If even God is receptive, then, conversely, even pure created recipients must be active: gratuitously generous on their own account to others and seeking the end of reciprocal union with others and with God.

It then follows not just that every being qua being is a gift and that God is eminent generosity, but also that every being is internally and externally involved in a gift-exchange of initiation, reception, and counter-giving that in God is Trinitarian relation—though Fr. López strenuously avoids any simplistic identification of the three divine persons with these three exchangist moments. Deploying great subtlety and suppleness of argument, he then associates this transcendental reciprocity with the “real difference” of being and essence in Aquinas’s ontology; with the relation of Christ’s divine being and his secondary and dependent created being; with the “nuptial” circulation between the historical/critical Jesus in his unity with the Christ of faith; and finally with the need for the third person in the Trinity.

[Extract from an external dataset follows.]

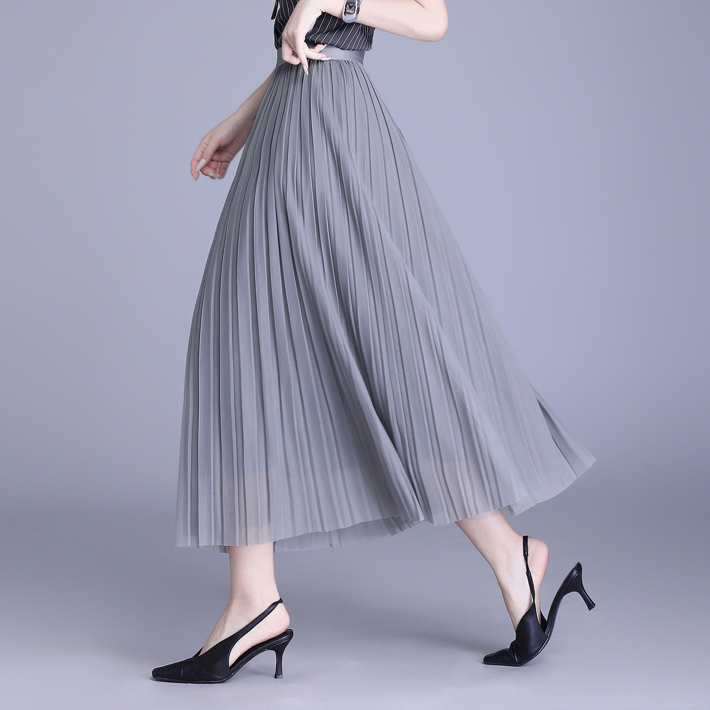 首页> 女装> 柔软细网纱半身裙女春夏季百褶裙2026新款显瘦中长款裙子大摆伞裙

Here the Son is indeed identified as the first Paternal gift, but were he not also the Logos who needed to be “remembered” and interpreted as word by the Holy Spirit, then he would not really be gift at all, since this requires a reception, and the Filial reception is identical to the Paternal outpouring. A closed mutuality of Father and Son would collapse into an impersonal, substantive egotism, were it not for their combined will to share the experience of being infinitely loved with Richard of St. Victor’s Condilectus.

In this way, the Holy Spirit turns out to be at once supremely gift, reflexive spirit, the principle of life, and the ground of the unity of being. In order that the divine essence be not elevated over the persons or identified with the Father, it must be personally expressed as the Holy Spirit.

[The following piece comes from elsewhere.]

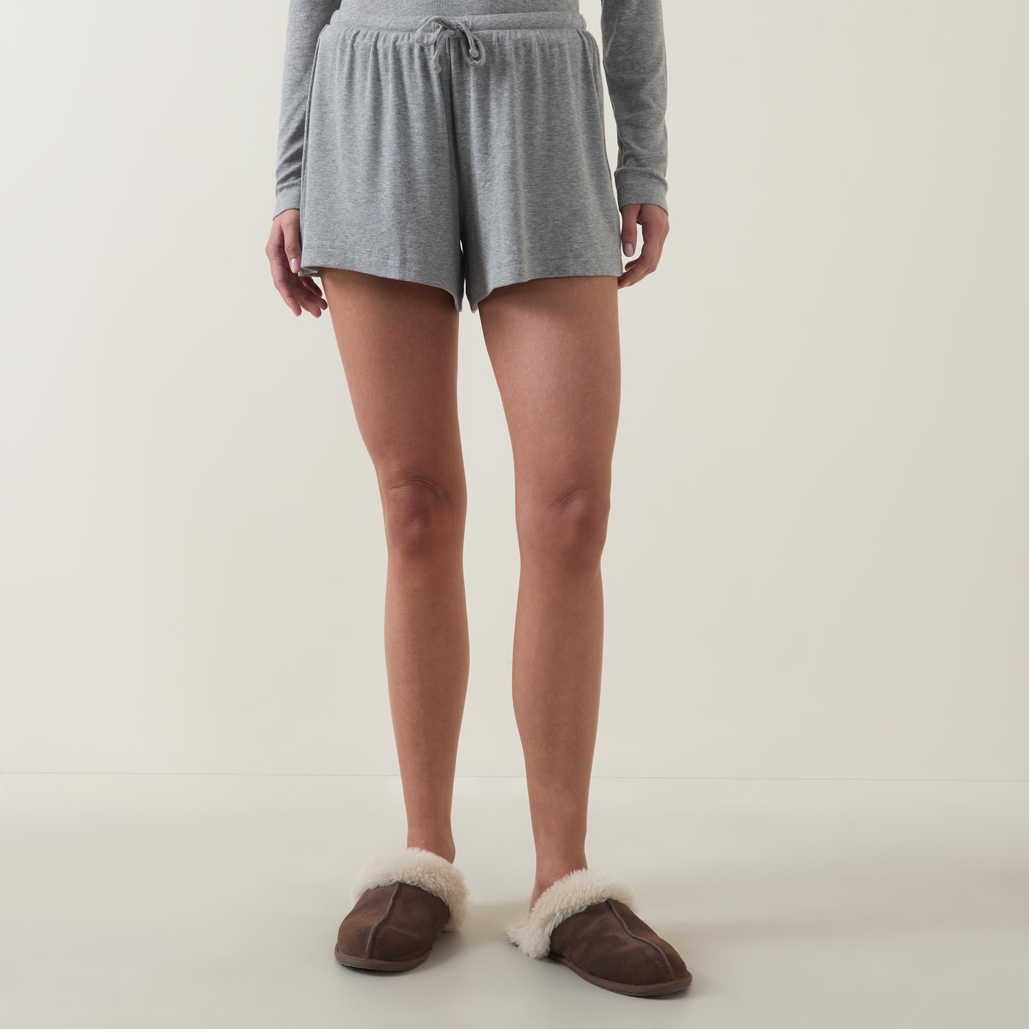 • Mid-rise, straight-leg, above-the-knee length, delicate flat waistband, flat drawstring fastening, clean hems, buttery soft rib-knit finish

Thereby Fr. López caps his profound and yet most engaging reflections with the thesis that we cannot conceive of the metaphysical unity of being adequately as monistic act, but must conceive of it as the unity both emergent with and yet presumed by gift-exchange, in the sense of an exchange always already begun. This process only has a “beginning” in the infinite, which is properly speaking never begun at all.

The suggestion would seem to be that it is the revelation of the Trinity through the divine economy of times that alone allows us to complete our obscure philosophical intuitions as to the priority of gift for both being and human social existence.

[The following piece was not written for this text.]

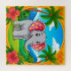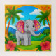 Ein fröhlicher Cartoon-Elefant, stehend in einer lebhaften tropischen Umgebung mit bunten Palmen, blühenden Hibiskus-Blume und einer sonnigen Kulisse, die eine lebendige und fröhliche Atmosphäre schafft.

I find all this thoroughly compelling in the way that the simple and manifest truth is self-evident as radiating forth. Reading this book confirmed me in the sense that the current Catholic intellectual project is by far the most coherent one available in the world today and actually the one that manages to make most sense of the best specifically contemporary intuitions and realizations. It gives me profound hope that in the current century this project will be able to recover and rethink the Western tradition in a way that could even (in the face of increasing global catastrophe) prove universally persuasive.